### The records:
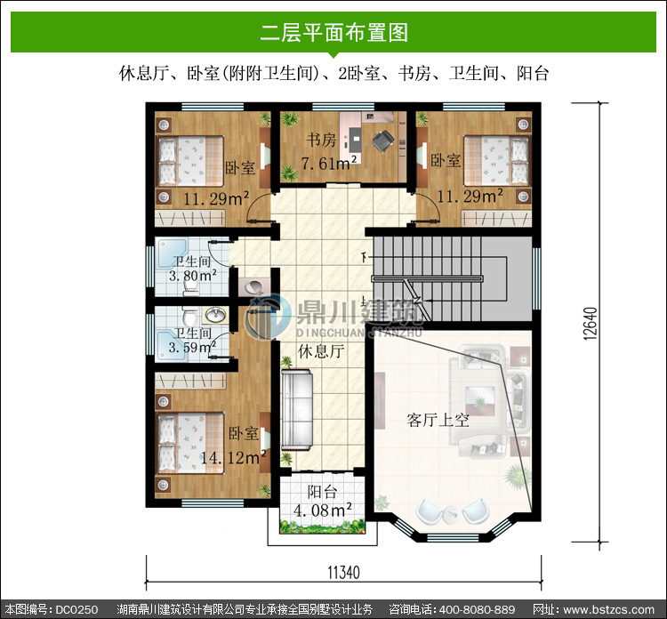 | 二 層: | 休息廳、臥室(附附衛(wèi)生間)、2臥室、書房、衛(wèi)生間、陽臺 | |||
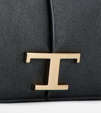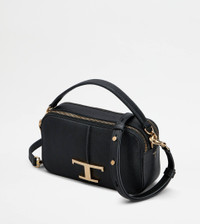 The timeless elegance of the T Timeless line is declined in a camera bag with a compact and rounded shape. Featuring the iconic branded metal accessory, it can be carried by hand or crossbody, thanks to its removable shoulder strap. Crafted in calfskin leather, this versatile creation comes with a double zipped compartment and a practical back pocket. - Dimensions: L 68.5 ins x H 4.7 ins x D 2.8 ins - Handle: height (drop) 2.6 ins - Adjustable and removable shoulder strap: height (drop from central hole) 18.5 ins, length max 43.3 ins - Made in Italy - Camera bag in leather - Item crafted in calfskin leather - Branded metal T Timeless accessory - Flat pocket on the back - 2 zipped compartments - Cotton blend linen interior - Maintenance and care cards included - Branded dustbag
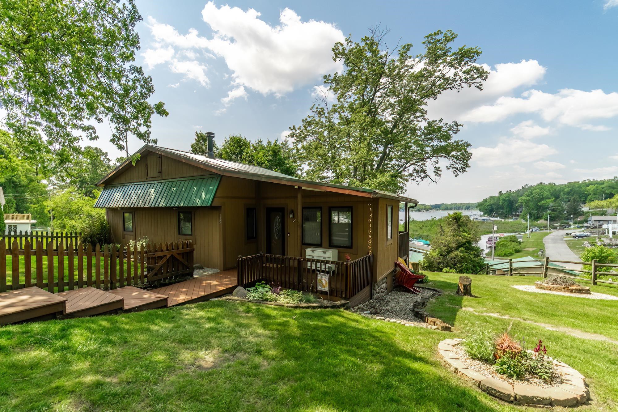 Located on Jimmerson Lake is a picturesque lake home with four lots overlooking the causeway. With 30ft of dock space (marked red in pictures) to park your boat, an air conditioned “she shed” for extra space or a place to hang out and large garage, what more could you ask for? This property hosts a home surrounded by trees and a partially fenced in yard. Out front is a large deck, shaded and cozy. The house itself is modern and quiet with a fireplace, washer and dryer, a split system heat/ac units and plenty of room to spread out. 2 bedrooms, 1 bath, large kitchen and living room make this house a home. The landscaping is simplistic, yet beautiful with a diverse selection of plants. Jimmerson is part of the Lake James chain (2000 acres worth of lake), meaning you can ski from dawn until dusk!
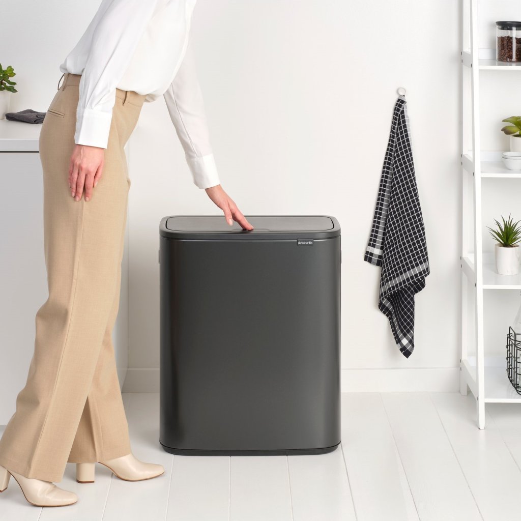 Caixote de lixo com sensor BO TOUCH BIN 60 l, cor cinzento-escuro, aço, Brabantia
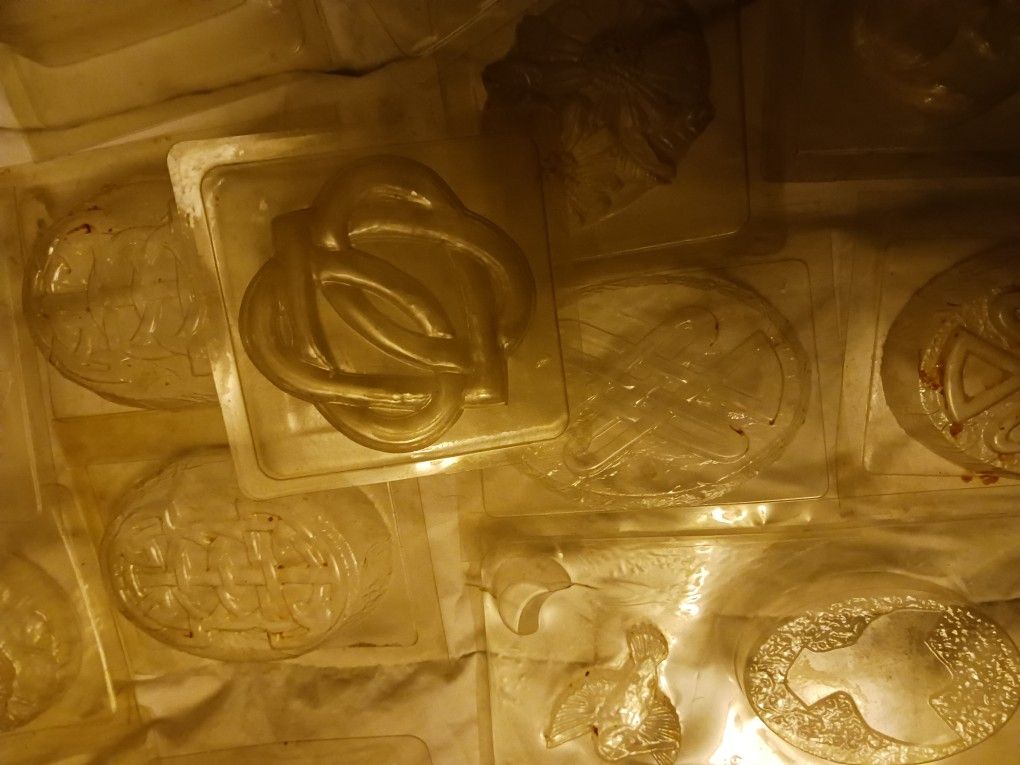 97 soap molds - some with multiple molds in the sheet - celtic, nature, holiday, floral, simple design, sport. Frogs, turtles, shells, sun, moon, leaves, etc. Six large metal candle molds Glycerine soap chips and soap powder Dyes (not sure if they are still good) Wicks Candy thermometer
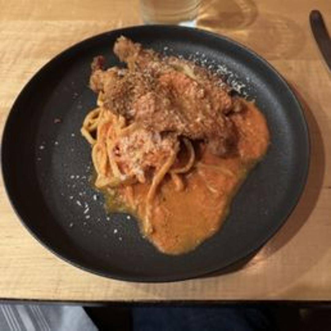 Breaded chicken breast topped with marinara sauce and melted mozzarella cheese, served with a side of pasta.
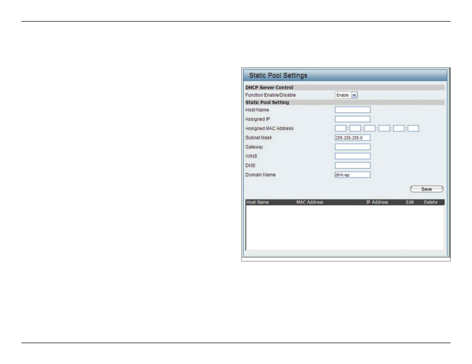 The DHCP address pool denes the range of IP addresses that can be assigned to stations on the network. A static pool allows specic wireless
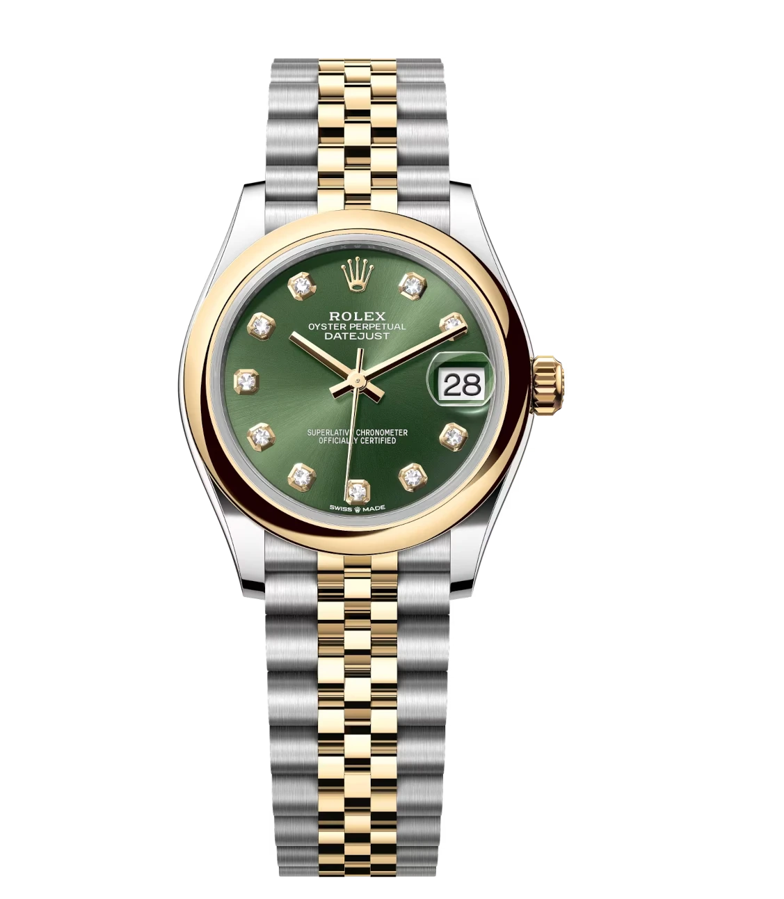 Rolex Datejust 31 Oyster Perpetual Oystersteel and yellow gold olive-green, diamond-set dial Jubilee band Reference 278243
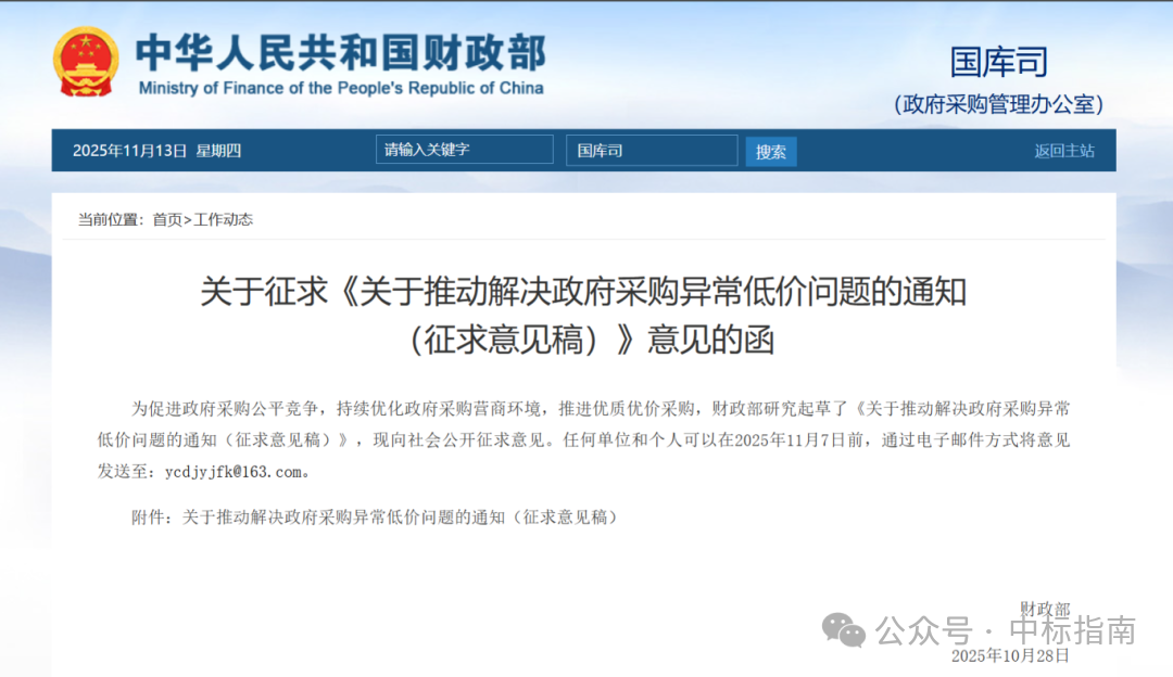 2025年10月28日,财政部发布《关于推动解决政府采购异常低价问题的通知(征求意见稿)》。文件明确:在政府采购项目中,若供应商报价低于“全部通过符合性审查供应商报价平均值×50%”或低于“次低报价×50%”,评审委员会应当启动“异常低价投标(响应)审查程序”。

### What you need to do:
Copy out the lines above from the line containing "97 soap molds" through the line containing "Rolex Datejust 31", exactly, and keep the pictures out.

### Finished task:
 97 soap molds - some with multiple molds in the sheet - celtic, nature, holiday, floral, simple design, sport. Frogs, turtles, shells, sun, moon, leaves, etc. Six large metal candle molds Glycerine soap chips and soap powder Dyes (not sure if they are still good) Wicks Candy thermometer
 Breaded chicken breast topped with marinara sauce and melted mozzarella cheese, served with a side of pasta.
 The DHCP address pool denes the range of IP addresses that can be assigned to stations on the network. A static pool allows specic wireless
 Rolex Datejust 31 Oyster Perpetual Oystersteel and yellow gold olive-green, diamond-set dial Jubilee band Reference 278243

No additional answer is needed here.